§ What is needed:
In the answer, give the entries below exactly, from the first line through the line with "Party závěs metalický", with every picture omitted.

-- Records follows --

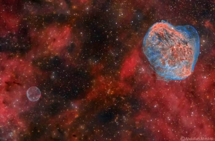 Когда звезды умирают, они создают облака. Два звездных облака смерти из газа и пыли можно обнаружить в направлении высоко летящего созвездия Лебедя (Лебедь). NGC 6888 (другое обозначение — LBN 203) — эмиссионная туманность в созвездии Лебедь. Размеры туманности составляют примерно 25 на 18 световых лет. Она располагается на расстоянии примерно 4700 световых лет от Земли. (Фото Abdullah Al-Harbi):
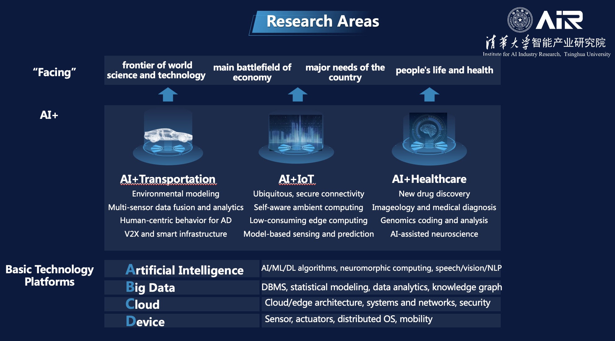 The Institute for AI Industry Research, Tsinghua University (AIR) insists on facing the frontier of world science and technology, the main battlefield of economy, the major needs of the country, and people's life and health. AIR gives full play to the strategic support role of science and technology innovation, actively explores in discipline construction and scientific research, highlights originality, common orientation and cross-fertilization, aiming to use AI technology to empower industrial upgrading and promote social progress. AIR supports innovation in the application of AI in the three major fields of transportation, healthcare and IOT, as well as breakthroughs in original technologies in the direction of big data and computational intelligence and intelligent robotics. Through the dual engines of university and enterprise innovation, AIR will break through the core AI technologies and promote the development of the AI industry.
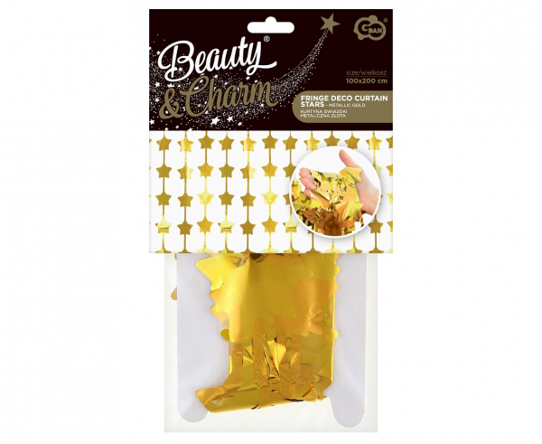 Party závěs metalický zlatý - hvězdičky 100 x 200 cm
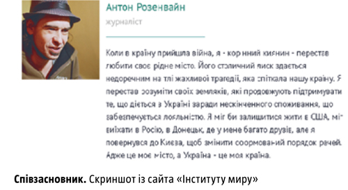 Так, недавно в столице развернула удивительно активную деятельность организация под названием «Институт мира», вокруг которой быстро стали толпиться многочисленные открытые и скрытые адепты «русского мира». Деятельность «Института мира» инспирирована Москвой. И как часто бывает с подобными проектами, его лицами становятся преимущественно политические проходимцы и маргиналы, способные создавать определенный информационный шум, который в отчетах кураторам подается как влияние на общественное мнение.
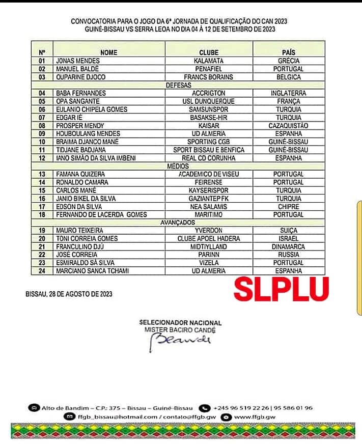 The Jurtus of Guinea Bissau have announced A 24 man squad list ahead of clash with Leone Stars of Sierra Leone on 11th September 2023 .
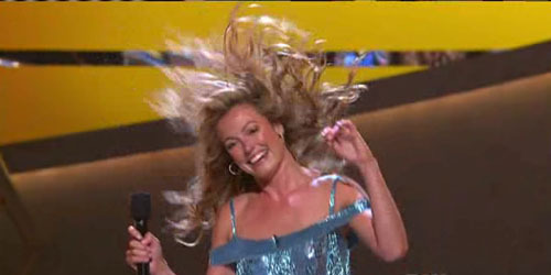 Qui n’aurait aucun intérêt si elle ne possédait la qualité que je crois être la principale des animateurs de ce genre d’émission : l’expression de leur intérêt pour l’émission elle-même. Elle semble sincèrement ravie de participer à l’émission tout en connaissant les limites de son rôle. Elle a toujours un petit mot d’encouragement pour les danseurs après les numéros, surtout pour ceux qui vont vraisemblablement obtenir des commentaires glaciaux de la part du jury ou une remarque enthousiaste après une prestation réussie. Ses courtes interventions ne sonnent jamais forcées ni hypocrites puisqu’elle semble avoir une réelle empathie avec les candidats. Elle semble admirer leur passion et percevoir leurs efforts, intérêts que ne transmet jamais Ryan Seacrest, le présentateur d’American Idol. Il se pose en personnage central de l’émission cousine de SYTYCD, les participants n’apparaissant plus que comme les figurants du véhicule à l’origine de sa célébrité.
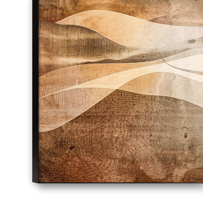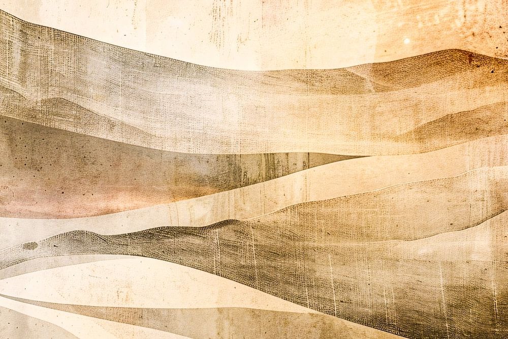 Dit ontwerp is een prachtig abstract landschap dat warme aardetinten combineert met zachte, vloeiende lijnen. De lagen van het ontwerp doen denken aan glooiende bergen of heuvels, terwijl de subtiele textuur een verfijnde, natuurlijke uitstraling geeft. Perfect voor moderne interieurs, het ontwerp straalt rust en sereniteit uit en past goed in ruimtes zoals slaapkamers, kantoren of woonkamers. Het ingetogen kleurenpalet maakt het gemakkelijk te combineren met diverse stijlen en meubels, terwijl de abstracte benadering zorgt voor een artistieke en tijdloze uitstraling.
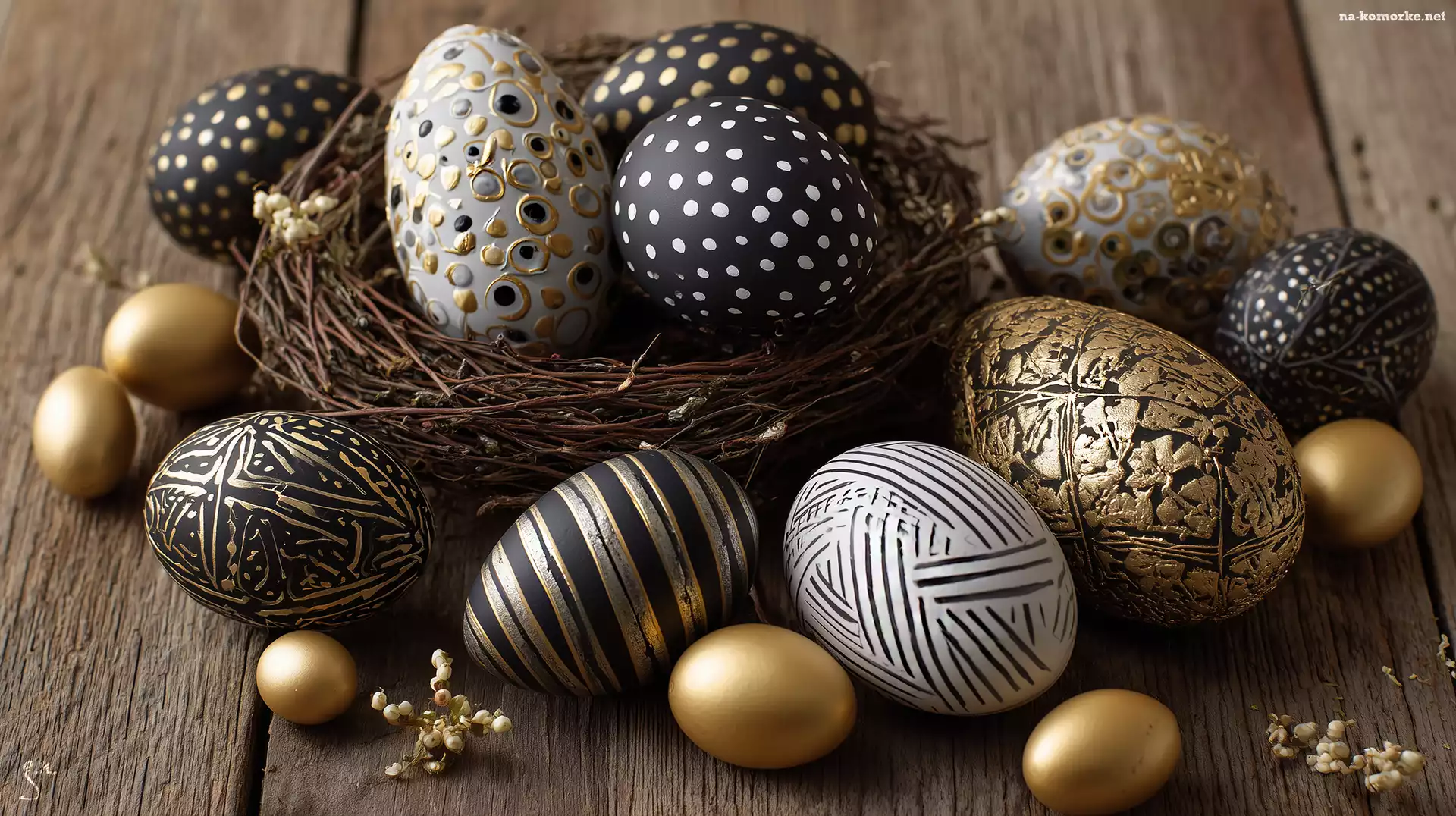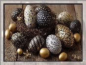 Gniazdko, Wielkanoc, Pisanki, Grafika AI, Czarne, Złote na Komórkę

-- Records concluded --

§ The completed task:
 Когда звезды умирают, они создают облака. Два звездных облака смерти из газа и пыли можно обнаружить в направлении высоко летящего созвездия Лебедя (Лебедь). NGC 6888 (другое обозначение — LBN 203) — эмиссионная туманность в созвездии Лебедь. Размеры туманности составляют примерно 25 на 18 световых лет. Она располагается на расстоянии примерно 4700 световых лет от Земли. (Фото Abdullah Al-Harbi):
 The Institute for AI Industry Research, Tsinghua University (AIR) insists on facing the frontier of world science and technology, the main battlefield of economy, the major needs of the country, and people's life and health. AIR gives full play to the strategic support role of science and technology innovation, actively explores in discipline construction and scientific research, highlights originality, common orientation and cross-fertilization, aiming to use AI technology to empower industrial upgrading and promote social progress. AIR supports innovation in the application of AI in the three major fields of transportation, healthcare and IOT, as well as breakthroughs in original technologies in the direction of big data and computational intelligence and intelligent robotics. Through the dual engines of university and enterprise innovation, AIR will break through the core AI technologies and promote the development of the AI industry.
 Party závěs metalický zlatý - hvězdičky 100 x 200 cm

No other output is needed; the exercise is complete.